# What you have to do:
Reproduce, word for word, the lines in the material below starting with the one that has "Je crois à la" and going on through the one that has "Meriç Keskin; şiirlerinde". Leave out all pictures.

# Material to process:
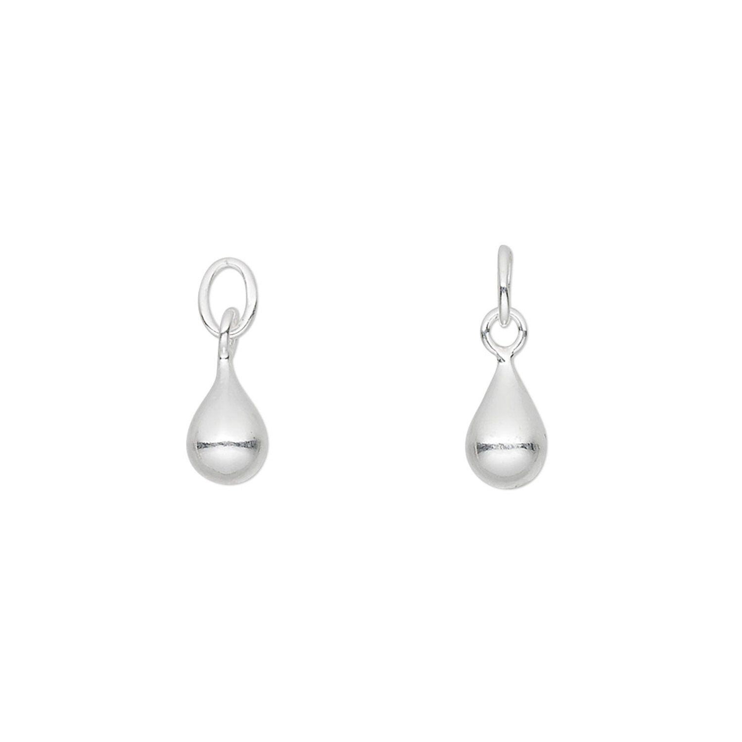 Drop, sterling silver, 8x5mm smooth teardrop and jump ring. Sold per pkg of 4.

==

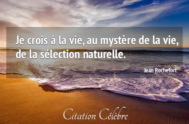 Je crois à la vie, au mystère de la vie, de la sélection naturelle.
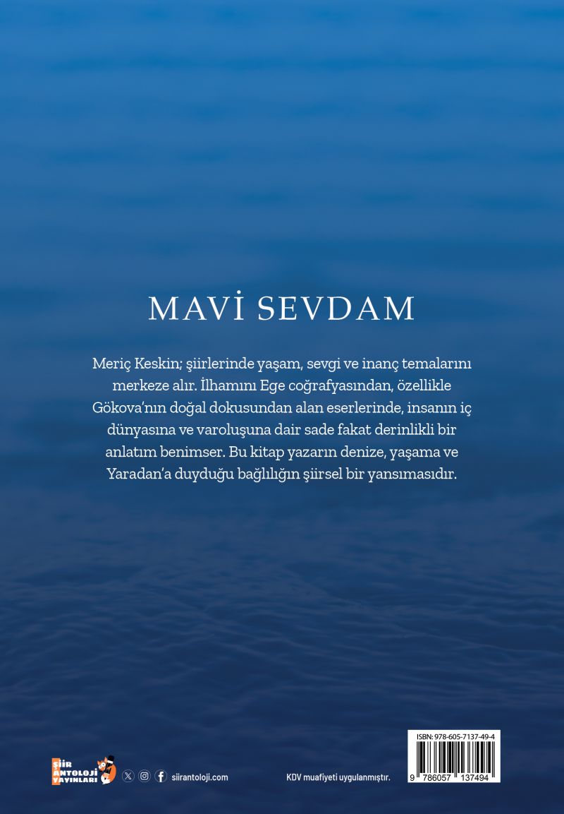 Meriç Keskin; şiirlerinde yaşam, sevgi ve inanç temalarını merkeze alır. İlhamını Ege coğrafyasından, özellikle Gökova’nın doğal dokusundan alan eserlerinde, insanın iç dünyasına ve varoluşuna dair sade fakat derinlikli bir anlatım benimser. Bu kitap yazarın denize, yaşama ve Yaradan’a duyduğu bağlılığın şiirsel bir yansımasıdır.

---

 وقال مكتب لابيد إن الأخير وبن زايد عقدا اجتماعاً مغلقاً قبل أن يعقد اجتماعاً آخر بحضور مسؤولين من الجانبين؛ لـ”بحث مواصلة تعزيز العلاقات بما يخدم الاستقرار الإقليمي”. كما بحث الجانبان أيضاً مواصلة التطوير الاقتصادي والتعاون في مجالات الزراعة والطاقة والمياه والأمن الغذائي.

# Output for this task:
 Je crois à la vie, au mystère de la vie, de la sélection naturelle.
 Meriç Keskin; şiirlerinde yaşam, sevgi ve inanç temalarını merkeze alır. İlhamını Ege coğrafyasından, özellikle Gökova’nın doğal dokusundan alan eserlerinde, insanın iç dünyasına ve varoluşuna dair sade fakat derinlikli bir anlatım benimser. Bu kitap yazarın denize, yaşama ve Yaradan’a duyduğu bağlılığın şiirsel bir yansımasıdır.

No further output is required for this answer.